Opinion
Seeing the weight of race
Martin Dyckman
Published: September 6, 2012
The polls don't appear to make sense.Published: September 6, 2012
According to one that's recent and reliable — by the Pew Research Center — most Americans believe the rich pay too little in taxes and would harvest a windfall from Republican policies and a Mitt Romney presidency. These aren't close calls. Nearly six in 10 say the rich get off too lightly and more than seven in 10 think Romney's election would benefit the wealthy. Other polls reflect that Americans think President Barack Obama is much more sympathetic to the average Joe than Romney is.
Even so, there are also recent, reliable polls reflecting that the campaign is a dead heat. Roughly half the voters presently favor the candidate who would further reduce taxes on the rich in ways that would likely raise them on everyone else.
In other words, plenty of people who dislike Romney's policies are willing to vote for him. What explains this apparent paradox?
A partial answer is the familiar fact that many voters hold hard times against whoever happens to be president. It doesn't matter how much conditions may have improved on his watch or how much worse they might have been on someone else's. The president is the fall guy, no matter to which party he belongs. That's just part of it.

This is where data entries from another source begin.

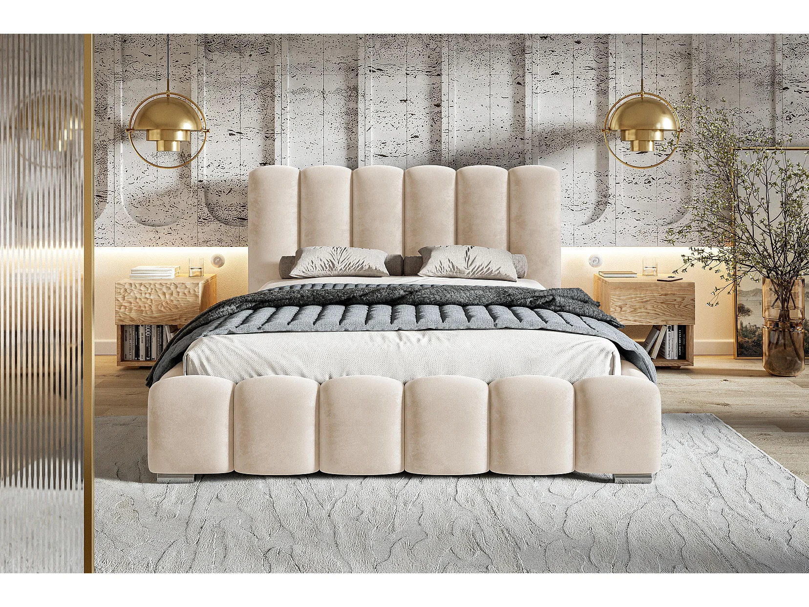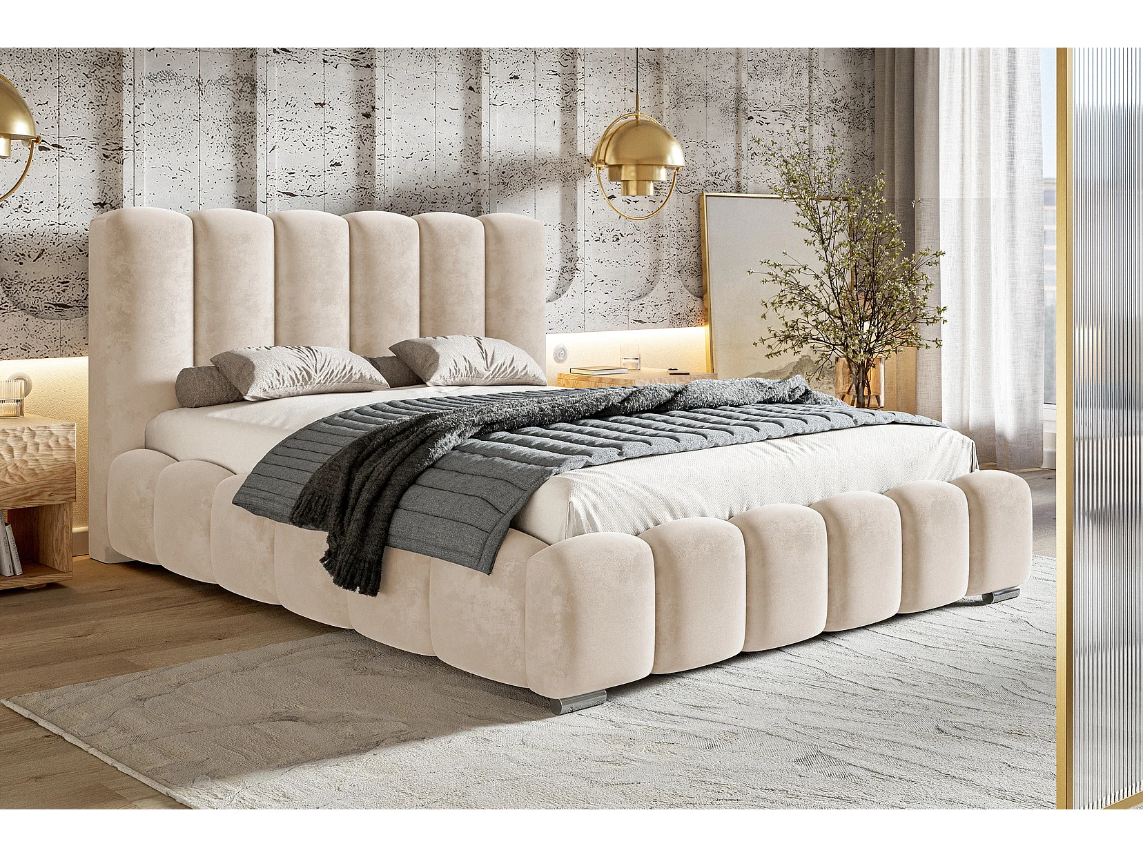 Gestoffeerd bed 160x200 cm met opbergruimte Pearl - metalen lattenbodem, fluwelen Beige (Amor Velvet 4304)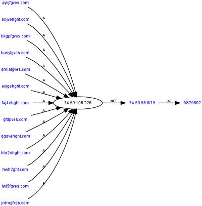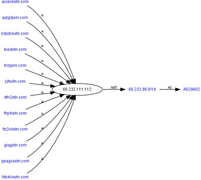 利用bootkit感染用户的服务器位置 (从左到右分别为:域名,服务器地址,服务器所在的子网,自治系统)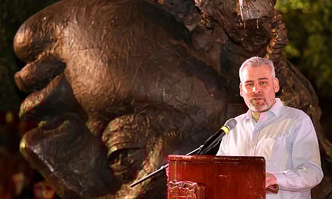 Jiquilpan, Michoacán (MiMorelia.com).- El gobernador Alfredo Ramírez Bedolla, acompañado del presidente municipal de Jiquilpan, José Elías Barajas Bautista, inauguró la exposición "Tres Cabezas", del artista michoacano Javier Marín, que permanecerá en este pueblo mágico durante un año.
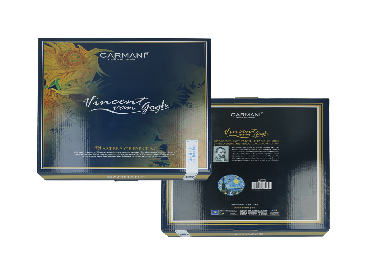 Zwykły zegar? Nie tym razem. To fragment nieba namalowanego pędzlem szaleństwa i geniuszu. Szklany talerz dekoracyjny z reprodukcją dzieła Vincenta van Gogha przenosi Cię do świata, w którym gwiazdy wirują, a kolory oddychają.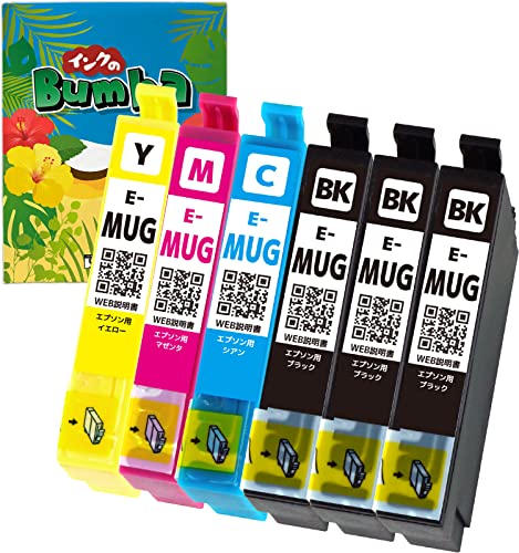 【Bumba】MUG-4CL エプソン 対応 互換インクカートリッジ 4色セット+BK2 (6本セット) MUG マグカップ インク EW-452A EW-052A 残量表示 個別包装 QR説明書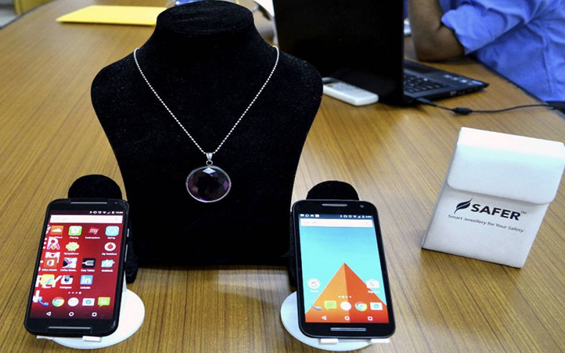El proyecto es ideado por cinco jóvenes ingenieros indios, que han empezado a venderlo en línea, SAFER consta de un sistema oculto en la parte posterior de una gema que manda un aviso de peligro a través de una aplicación para teléfonos inteligentes.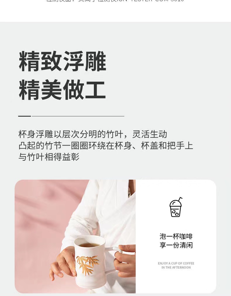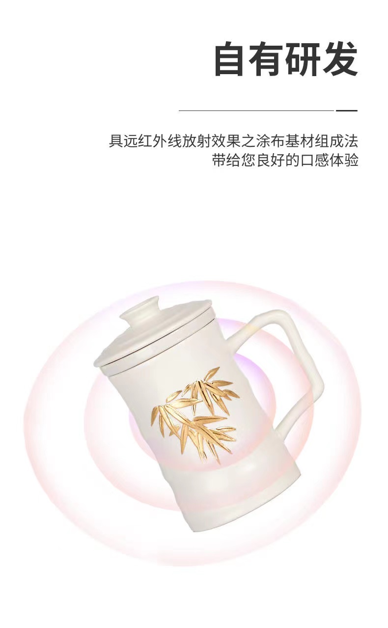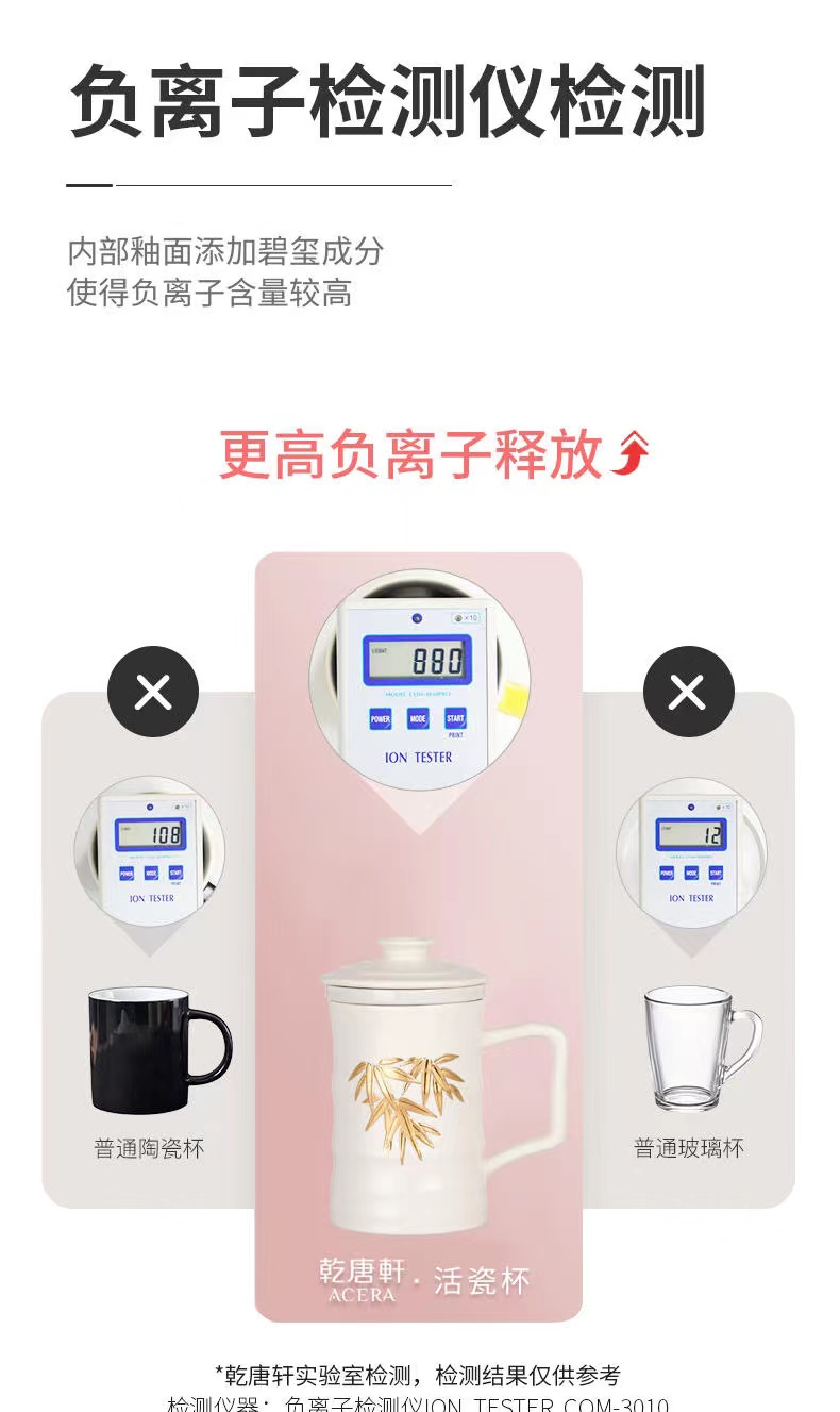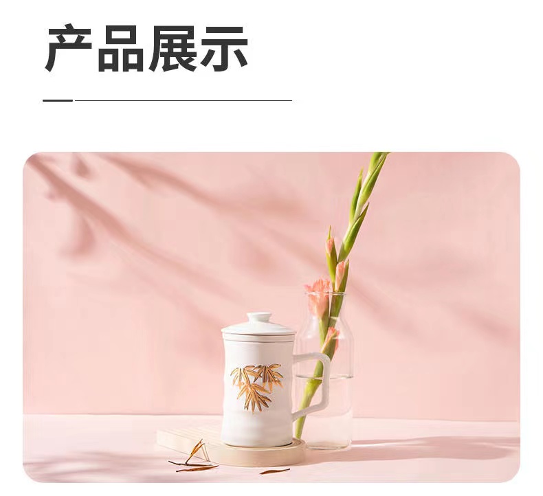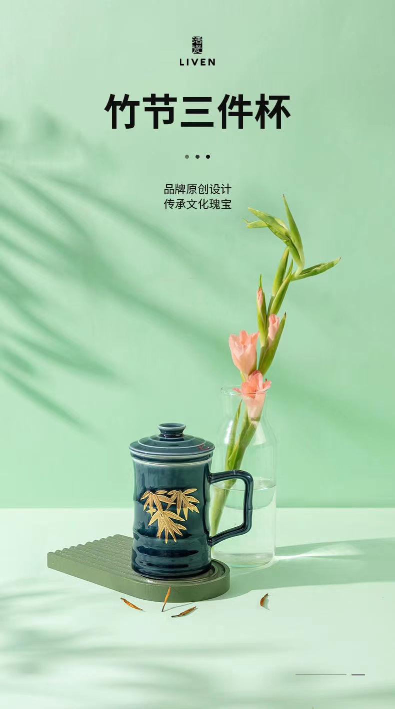 乾唐轩活瓷杯竹节三件杯带茶漏带手柄泡茶杯办公杯带盖陶瓷杯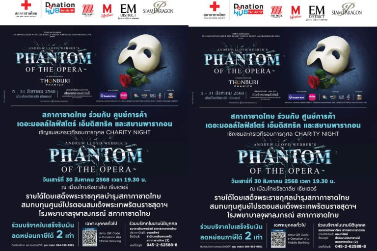 สภากาชาดไทย ชวนทุกท่านร่วมสัมผัสกับประสบการณ์ที่ตราตรึงใจกับละครเวทีรอบการกุศล Charity Night The Phantom of the Opera ละครเวทีระดับตำนานที่ครองใจผู้ชมทั่วโลกและยังได้ร่วมส่งมอบความหวังและโอกาสให้กับผู้ป่วยมะเร็งให้เข้าถึงการรักษาและมีคุณภาพชีวิตที่ดีขึ้นต่อไปผ่านการดำเนินงานของศูนย์โปรตอนสมเด็จพระเทพรัตนราชสุดาฯ โรงพยาบาลจุฬาลงกรณ์ สภากาชาดไทยวันเสาร์ที่ 30 ส.ค.68 เวลา 19.30 น.ที่เมืองไทยรัชดาลัย เธียเตอร์รายได้โดยเสด็จพระราชกุศลบำรุงสภากาชาดไทย สมทบทุนศูนย์โปรตอนสมเด็จพระเทพรัตนราชสุดาฯ โรงพยาบาลจุฬาลงกรณ์ สภากาชาดไทย ท่านใดสนใจสามารถบริจาคและจองที่นั่งได้ที่คุณวาสนา 094 555 9961 หรือสามารถร่วมบริจาคสมทบทุนได้ที่ ผ่านบัญชี ธนาคารไทยพาณิชย์ สาขาสภากาชาดไทย ชื่อบัญชี สำนักงานจัดหารายได้ สภากาชาดไทย (2) ประเภทบัญชี ออมทรัพย์ เลขที่บัญชี 045-2-62588-8
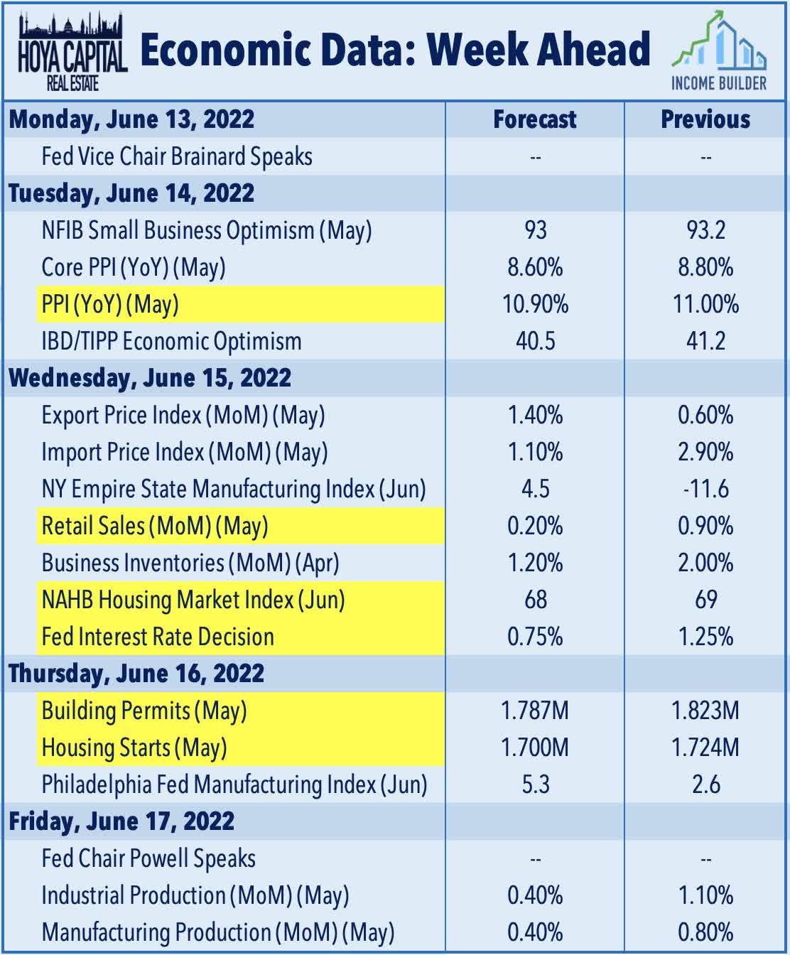 We’ll see a jam-packed week of economic data and monetary policy decisions in the week ahead. On Tuesday, we’ll see inflation data with the Producer Price Index for May, which investors are hoping will signs of cooling from its record-high increases seen in March and April. On Wednesday, we’ll see Retail Sales data – which is expected to show the lowest month-over-month increase of 2022 – while Homebuilder Sentiment is expected to show a moderation to 68 which would be the lowest level since early in the pandemic. All eyes will be on the Federal Reserve on Wednesday afternoon for the FOMC Interest Rate Decision. The Fed is expected to raise policy rates by 50 basis points but guide to a more path of hikes for the balance of 2022. Finally, on Thursday, we’ll see Housing Starts and Building Permits which is expected to show a continued moderation in the pace of new home construction.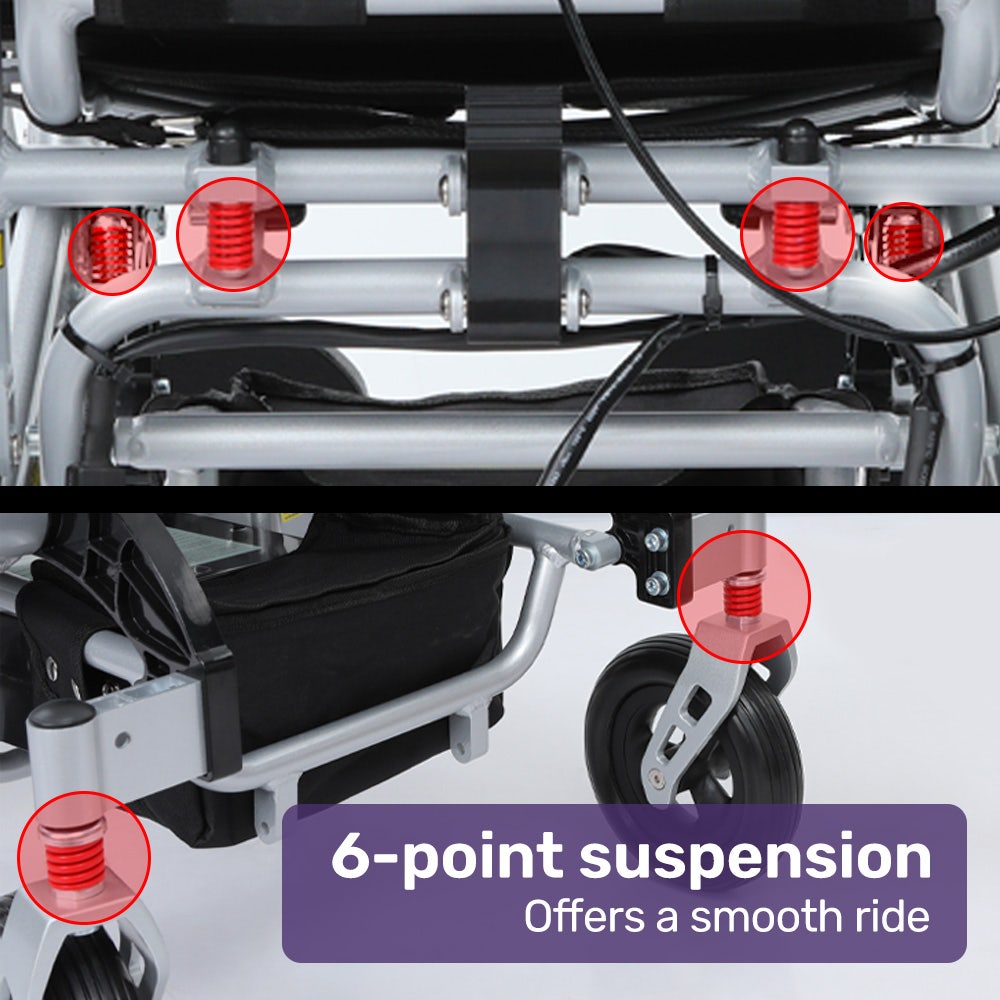 EQUIPMED Power Electric Wheelchair, Folding, Airline Approved, ARTG Certified, Recline Adjustment, Headrest, Aluminium Frame, Lithium Battery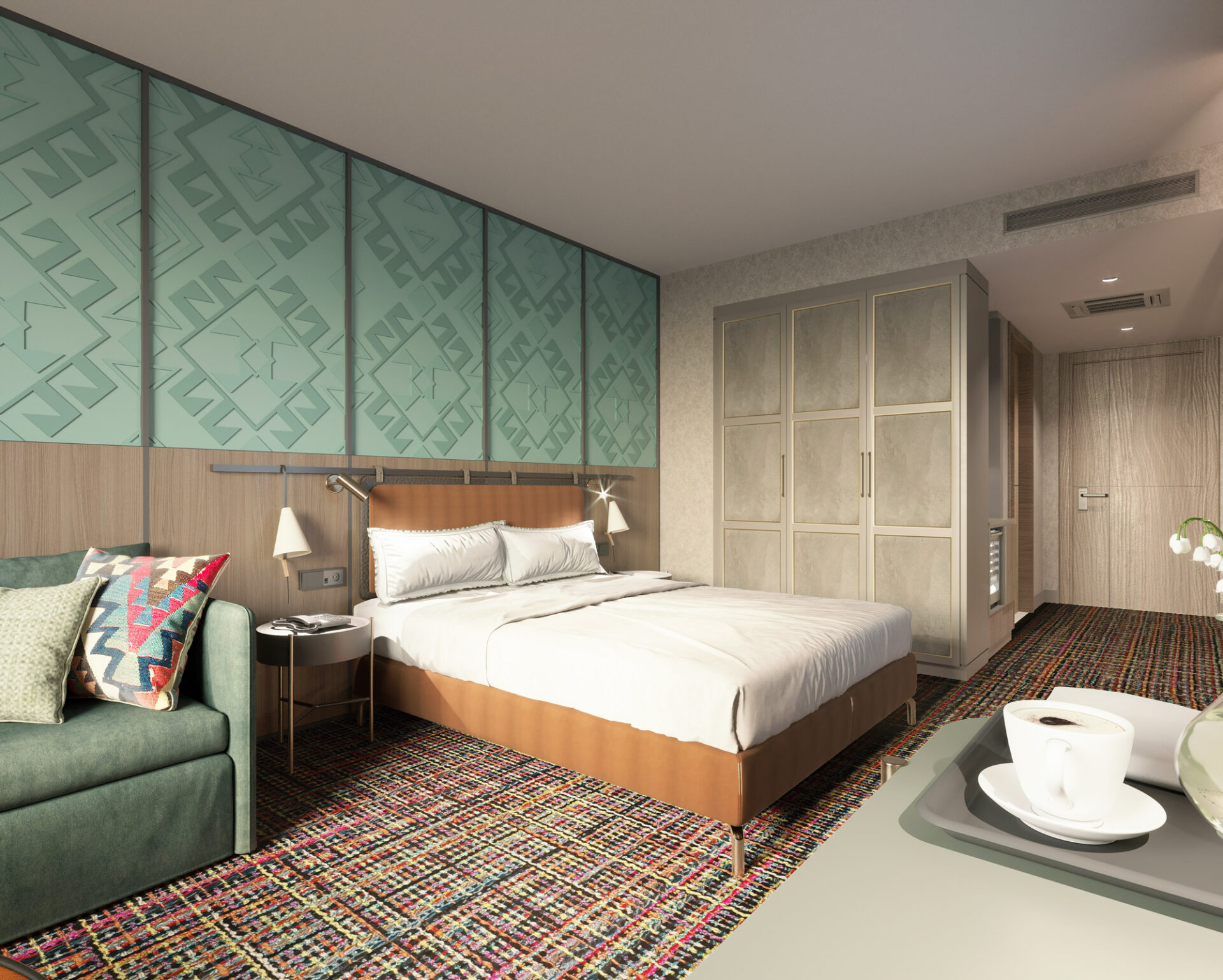 Mercure Trabzon Hotel is the reflection of the cultural items of Trabzon, which brought a different line to city hotels, where it’s colors and patterns are used as functional and decorative objects all over the hotel. The famous “Keşan” pattern is an inspiration point for the design perspective where this visual perception of Trabzon feeling is also combined with the independent comfort zone and offering a peaceful space far away from the city chaos.

But there's something even more sinister in play than politics as usual.
That something is race.
Obama's historic victory four years ago, defying the belief that a black man could never be president, begged the question of how many votes his race cost him. One serious study, cited in the September Atlantic, put that at between 3 and 5 percent of the popular vote. Ever since, the signs of racism have been frequent and unmistakable. The lily-white composition of the Tea Party is one of them. Its icons Rush Limbaugh and Glen Beck openly accused Obama himself of racism, although Beck recanted. Accusing someone of being what you are is one of the fundamental tricks of propaganda.
The Republican ads falsely accusing Obama of waiving welfare's work requirement are unsubtle appeals to the residual racism that some racists won't admit even to themselves.
Had the president been born to an American mother and a white South African, would anyone doubt his Hawaiian birth certificate? Would more than half of all Republicans disbelieve his American legitimacy? If Obama weren't black, would West Virginia Democrats have given 41 percent of their presidential primary votes this year to an incarcerated white felon?
The Atlantic article, by Ta-Nehisa Coates, a senior editor of the magazine, asserts that "in his first two years as president, Obama talked less about race than any other Democratic president since 1961."
Coates defines the Obama era as "a time marked by a revolution that must never announce itself, by a democracy that must never acknowledge the weight of race, even while being shaped by it. Barack Obama governs a nation enlightened enough to send an African-American to the White House, but not enlightened enough to accept a black man as its president."
That's a paradox, surely enough. If Obama loses, history will not ascribe Romney's victory to his policies and certainly not to his personality. It will record simply that the white man won and the black man lost.